Play video sample. Plays video in Jupyter notebook or plays in web browser. Video is streamed directly from storage. This method will fail for incompatible htypes.

Example

>>> ds = deeplake.load("./test/my_video_ds")
>>> # play second sample
>>> ds.videos[2].play()

Note

Video streaming is not yet supported on colab.

pop(index: Optional[int] = None)

Removes an element at the given index.

property sample_indices

Returns all the indices pointed to by this tensor in the dataset view.

property sample_info: Union[Dict, List[Dict]]

Returns info about particular samples in a tensor. Returns dict in case of single sample, otherwise list of dicts. Data in returned dict would depend on the tensor’s htype and the sample itself.

Example

>>> ds.videos[0].sample_info
{'duration': 400400, 'fps': 29.97002997002997, 'timebase': 3.3333333333333335e-05, 'shape': [400, 360, 640, 3], 'format': 'mp4', 'filename': '../deeplake/tests/dummy_data/video/samplemp4.mp4', 'modified': False}
>>> ds.images[:2].sample_info
[{'exif': {'Software': 'Google'}, 'shape': [900, 900, 3], 'format': 'jpeg', 'filename': '../deeplake/tests/dummy_data/images/cat.jpeg', 'modified': False}, {'exif': {}, 'shape': [495, 750, 3], 'format': 'jpeg', 'filename': '../deeplake/tests/dummy_data/images/car.jpg', 'modified': False}]
property shape: Tuple[Optional[int], ...]

Get the shape of this tensor. Length is included.

Example

>>> tensor.append(np.zeros((10, 10)))
>>> tensor.append(np.zeros((10, 15)))
>>> tensor.shape
(2, 10, None)
Returns

Tuple where each value is either None (if that axis is dynamic) or an int (if that axis is fixed).

Return type

tuple

Note

If you don’t want None in the output shape or want the lower/upper bound shapes, use shape_interval instead.
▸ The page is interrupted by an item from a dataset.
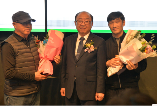 수상자와 함께 기념촬영 하는 하원선 협회장

property shape_interval: ShapeInterval

Returns a ShapeInterval object that describes this tensor’s shape more accurately. Length is included.

Example

>>> tensor.append(np.zeros((10, 10)))
>>> tensor.append(np.zeros((10, 15)))
>>> tensor.shape_interval
ShapeInterval(lower=(2, 10, 10), upper=(2, 10, 15))
>>> str(tensor.shape_interval)
(2, 10, 10:15)
Returns

Object containing lower and upper properties.

Return type

ShapeInterval

Note

If you are expecting a tuple, use shape instead.

summary()

Prints a summary of the tensor.

text(fetch_chunks: bool = False)

Return text data. Only applicable for tensors with ‘text’ base htype.

property timestamps: ndarray

Returns timestamps (in seconds) for video sample as numpy array.

Example

>>> # Return timestamps for all frames of first video sample
>>> ds.videos[0].timestamps.shape
(400,)
>>> # Return timestamps for 5th to 10th frame of first video sample
>>> ds.videos[0, 5:10].timestamps
array([0.2002    , 0.23356667, 0.26693332, 0.33366665, 0.4004    ],
dtype=float32)
tobytes() bytes

Returns the bytes of the tensor.

  • Only works for a single sample of tensor.

  • If the tensor is uncompressed, this returns the bytes of the numpy array.

  • If the tensor is sample compressed, this returns the compressed bytes of the sample.

  • If the tensor is chunk compressed, this raises an error.

Returns

The bytes of the tensor.

Return type

bytes

Raises

ValueError – If the tensor has multiple samples.

property verify

Whether linked data will be verified when samples are added. Applicable only to tensors with htype link[htype].